Question

A \(92.61-\mathrm{kg}\) person is halfway up a uniform ladder of length 3.413 \(\mathrm{m}\) and mass \(23.63 \mathrm{~kg}\) that is leaning against a wall. The angle between the ladder and the wall is \(\theta\). The coefficient of static friction between the ladder and the floor is 0.2881 . Assume that the friction force between the ladder and the wall is zero. What is the maximum value that the angle between the ladder and the wall can have without the ladder slipping?

Short answer

Answer: The maximum angle between the ladder and the wall, to keep it from slipping, is approximately 27.43 degrees.

Step-by-step solution

Identify the forces on the ladder

We need to consider the following forces on the ladder: 1) The weight of the ladder (W_l), acting at its center of mass (1.7065 m from the ground): \(W_l = m_l \cdot g\), where \(m_l = 23.63\) kg, and \(g = 9.81\) m/s\(^2\); 2) The weight of the person (W_p), acting at the halfway point (1.7065 m from the ground and 1.7065 m from the wall): \(W_p = m_p \cdot g\), where \(m_p = 92.61\) kg, and \(g = 9.81\) m/s\(^2\); 3) The normal force from the wall on the ladder (N_w), acting horizontally at the top end; 4) The normal force from the ground on the ladder (N_g), acting vertically at the bottom end; 5) The friction force between the ladder and the ground (F_f), acting horizontally at the bottom end to oppose slipping.

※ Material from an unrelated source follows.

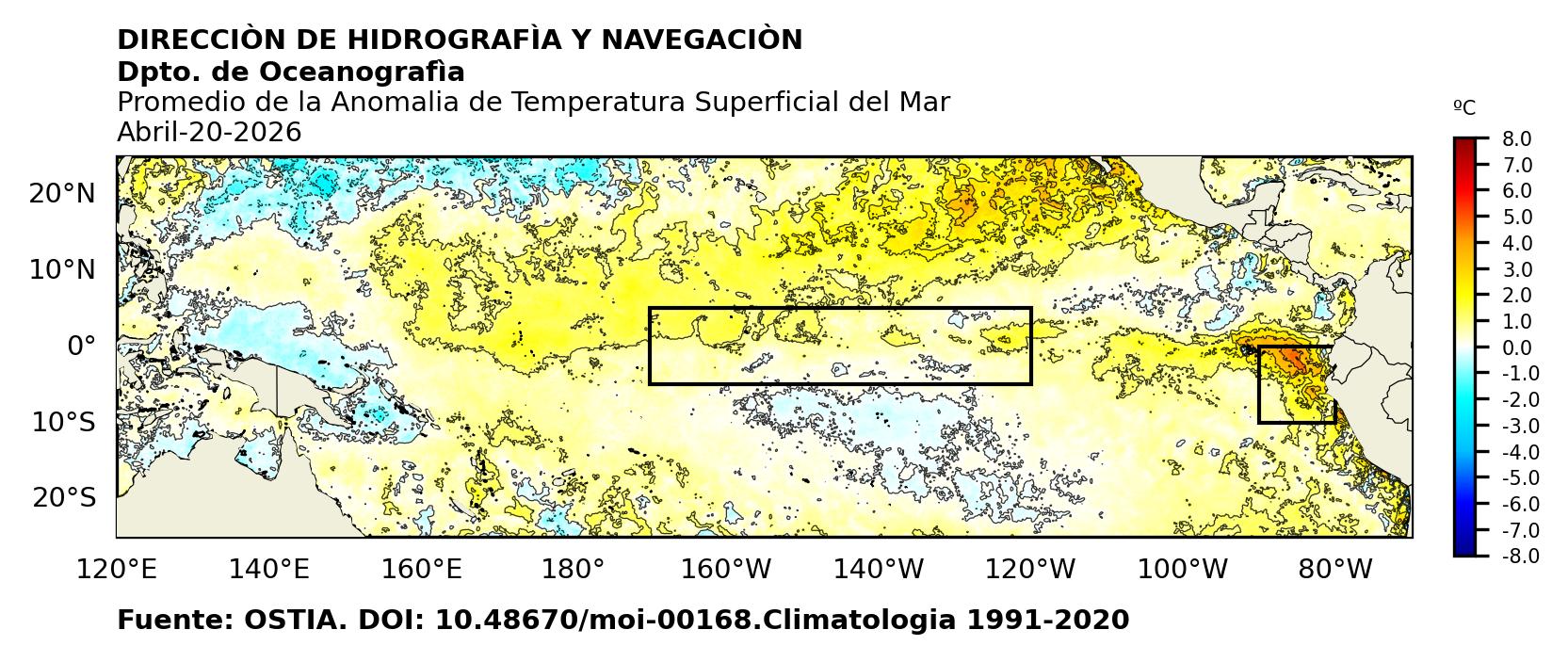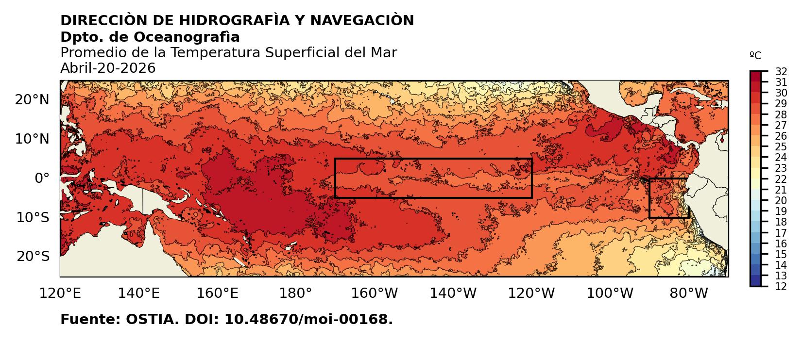 Figura 1. Temperatura superficial del mar (°C) en el océano Pacífico. Los cuadros en azul son regiones Niño. Fuente: Datos: OSTIA; Gráficos: DHN

Write the equations of equilibrium

For the ladder to be in equilibrium, the sum of forces and moments must be zero. We have two force equations and one moment equation. 1) Sum of forces in horizontal direction: \(F_f - N_w = 0\) 2) Sum of forces in vertical direction: \(N_g - W_l - W_p = 0\) 3) Sum of moments about the bottom of the ladder (clockwise positive): \(W_l\cdot1.7065\sin\theta - W_p\cdot1.7065\cos\theta - N_w\cdot3.413\sin\theta=0\)

Write the equation for the static friction force

The static friction force (F_f) can be found using the coefficient of static friction (μ) and the normal force from the ground (N_g): \(F_f = μ \cdot N_g\)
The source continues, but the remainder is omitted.